LFI dresse le cordon sanitaire autour de l’Allemande Sahra Wagenknecht et BSW : « Ce ne sont pas des amis du tout »
Si l’ancienne de Die Linke avait pu intéresser, un temps, Jean-Luc Mélenchon en fondant notamment un mouvement inspiré de LFI en 2018, elle est désormais considérée par les insoumis comme infréquentable.
En apparence, 5 % ne sont pas grand-chose, et pourtant. Avec ce score, dimanche 6 septembre, à l’élection régionale en Saxe-Anhalt , le Bündnis Sahra Wagenknecht (BSW, Alliance Sahra Wagenknecht), mouvement de gauche ultraconservateur allemand, se retrouve en position de faiseur de roi, capable de donner à l’extrême droite la possibilité de gouverner ce Land de l’ex-Allemagne de l’Est de plus de 2 millions d’habitants.
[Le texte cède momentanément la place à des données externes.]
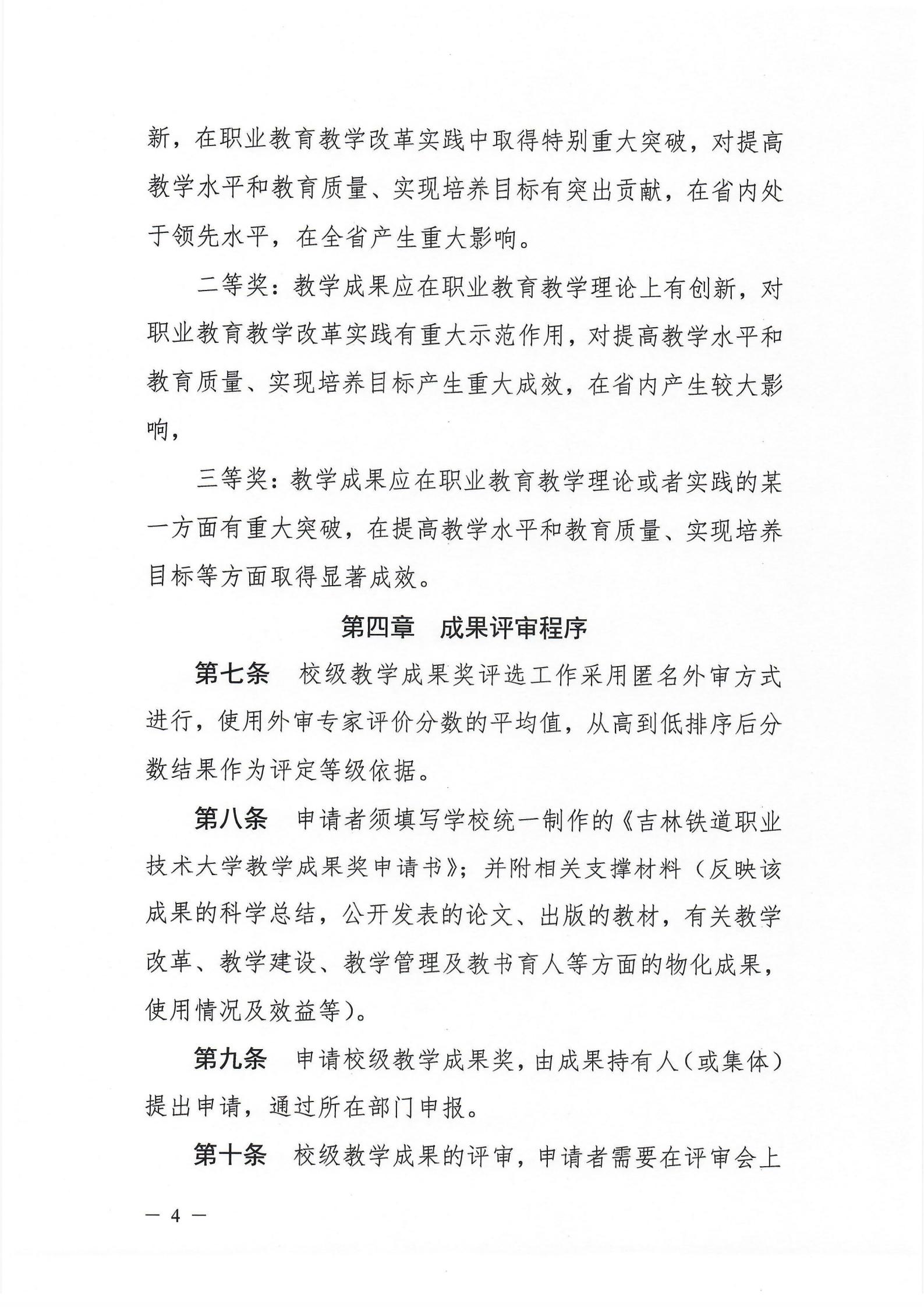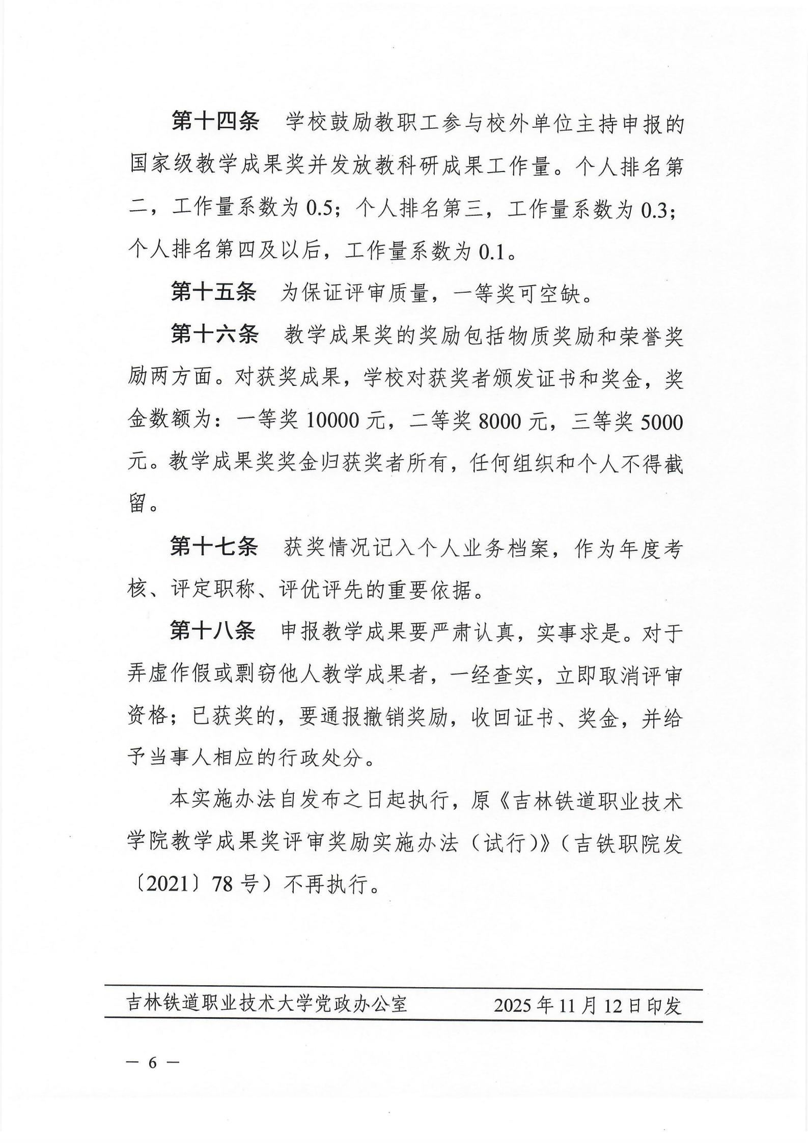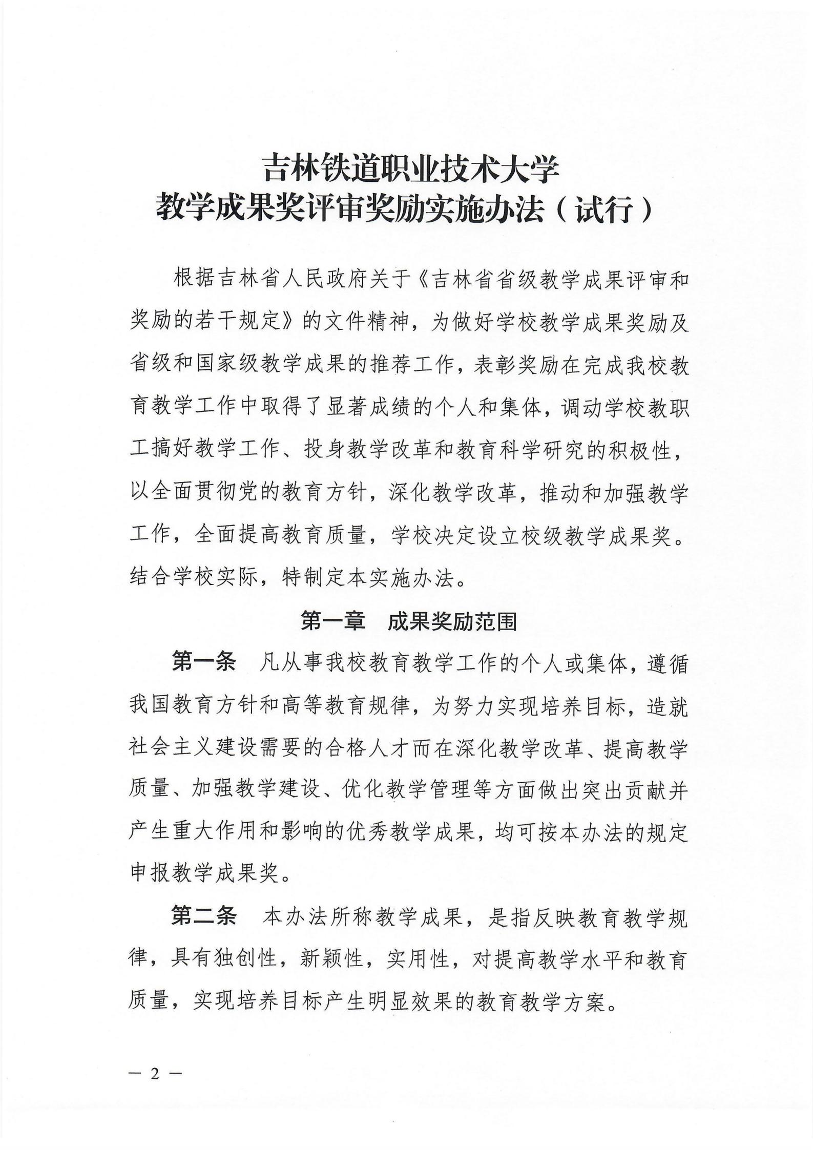 关于印发《吉林铁道职业技术大学教学成果奖评审奖励实施办法(试行)》的通知

Sa tête de liste locale, Thomas Schulze, l’a assumé dès lundi matin : si Ulrich Siegmund, le leader de l’Alternative für Deutschland (AfD), se présente à l’élection de ministre-président, le BSW ne lui bloquera pas la route. Fini le « cordon sanitaire » (« Brandmauer », le « pare-feu » en allemand) destiné à marginaliser l’extrême droite outre-Rhin.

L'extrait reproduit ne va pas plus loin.